- _Exercise directions_:
From the line with "如下图所示,与 Part123、PartGen 等现有方法相比,OmniPart" to the end of the data below, restate each line word for word, both ends included, without the pictures.

- _Data shown_:
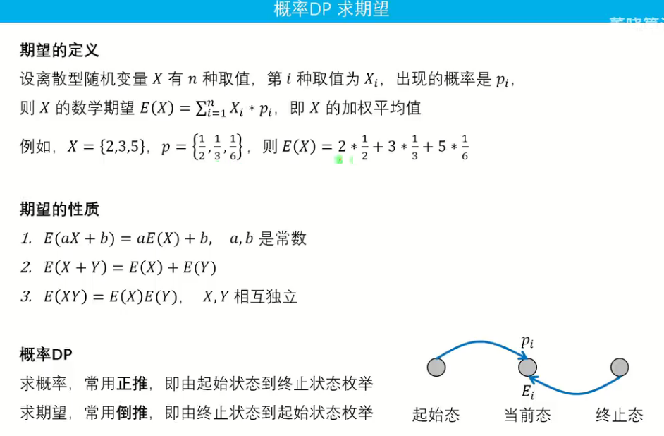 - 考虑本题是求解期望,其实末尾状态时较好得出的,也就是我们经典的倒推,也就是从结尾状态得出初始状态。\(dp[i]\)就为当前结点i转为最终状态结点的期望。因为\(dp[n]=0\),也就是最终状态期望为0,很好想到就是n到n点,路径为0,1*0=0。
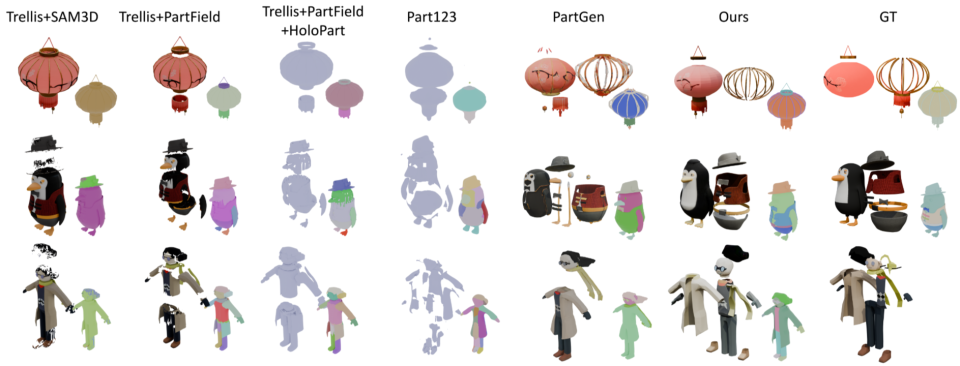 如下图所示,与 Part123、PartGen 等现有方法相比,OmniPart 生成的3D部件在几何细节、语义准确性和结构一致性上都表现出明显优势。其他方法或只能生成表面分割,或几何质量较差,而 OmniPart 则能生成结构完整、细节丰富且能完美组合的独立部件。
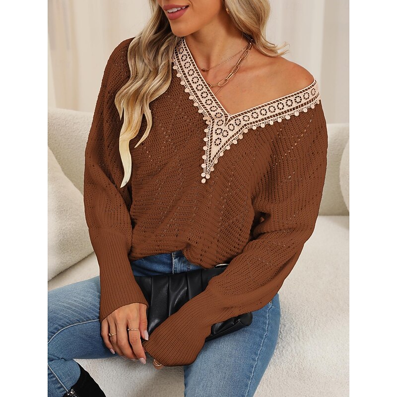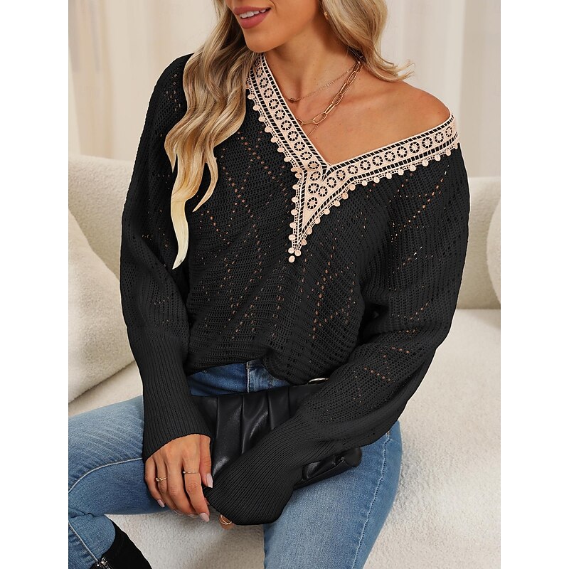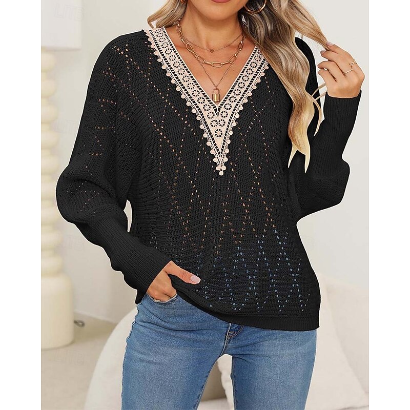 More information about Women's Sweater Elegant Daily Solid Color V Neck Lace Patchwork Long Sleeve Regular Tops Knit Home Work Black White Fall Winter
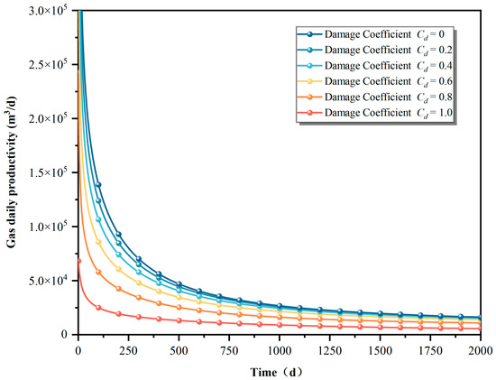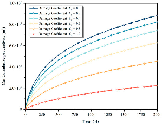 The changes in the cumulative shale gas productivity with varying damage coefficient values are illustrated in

- _Exercise result_:
 如下图所示,与 Part123、PartGen 等现有方法相比,OmniPart 生成的3D部件在几何细节、语义准确性和结构一致性上都表现出明显优势。其他方法或只能生成表面分割,或几何质量较差,而 OmniPart 则能生成结构完整、细节丰富且能完美组合的独立部件。
 More information about Women's Sweater Elegant Daily Solid Color V Neck Lace Patchwork Long Sleeve Regular Tops Knit Home Work Black White Fall Winter
 The changes in the cumulative shale gas productivity with varying damage coefficient values are illustrated in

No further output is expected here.